So yeah, there are a lot of points there.

* The neurons that report what your eyes are seeing try to save energy by not firing when they don’t detect a change
* On high-contrast spots (black-yellow and blue-white) they rapidly work out that the image is no longer changing and stop firing quickly
* Because the contrast is high, the amount of neural activity is high
* On low-contrast spots (black-blue and white-yellow), it takes longer to work out that the image is no longer changing and keep firing for longer.
* Because the contrast is low, the amount of neural activity is lower.

This means that the highest activity regions in your vision will *start out* at the black-yellow and blue-white boundaries, but since that activity falls off rapidly, it’ll fall below the activity level of the low-contrast boundaries. Which means the “high activity” region in your vision changes. Your brain’s image processing methodology apparently identifies that as movement. And it also identifies a lot of things moving in unison as one larger thing, which makes the whole discs appear to spin.

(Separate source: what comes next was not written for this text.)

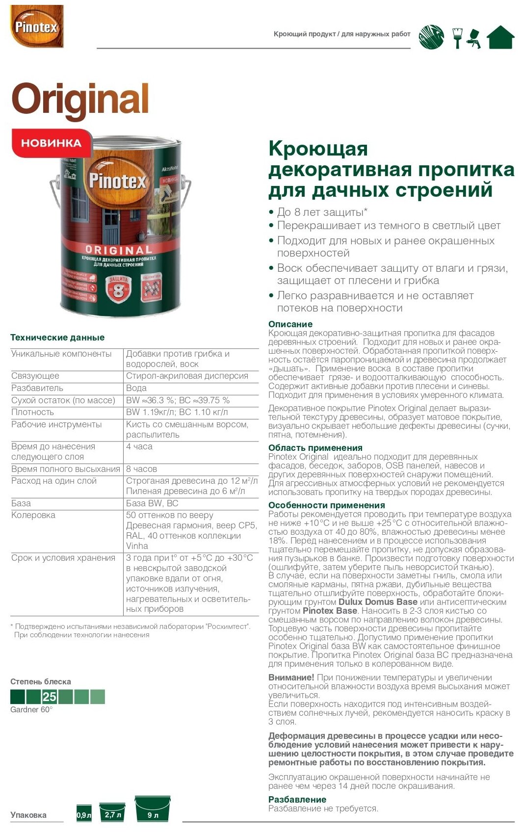 Пропитка кроющая для деревянных строений ORIGINAL, полуматовая, база BC Pinotex 2.5л.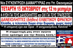 Η Επιτροπή Πρωτοβουλίας Δανειοληπτών Ελβετικού Φράγκου, σας ενημερώνει ότι την Τετάρτη 15 Οκτώβρη στις 12 το μεσημέρι διοργανώνει την 15η συγκέντρωση-διαμαρτυρία στο Υπουργείο Οικονομικών Νίκης 5 – Σύνταγμα.

Your vision is not like a camera; your brain does a *lot* of post-processing on it. You only have a tiny patch of sharp vision https://en.wikipedia.org/wiki/Fovea_centralis (about twice the size of your thumbnail held at arm’s length), and your eyes [dart around involuntarily](https://en.wikipedia.org/wiki/Saccade) to sample additional data. Your brain uses that, the blurry data from your peripheral vision, and what you *expect* to see to paint over the rest of your field of vision, including the [blind spot that all vertebrates have](https://en.wikipedia.org/wiki/Blind_spot_(vision)).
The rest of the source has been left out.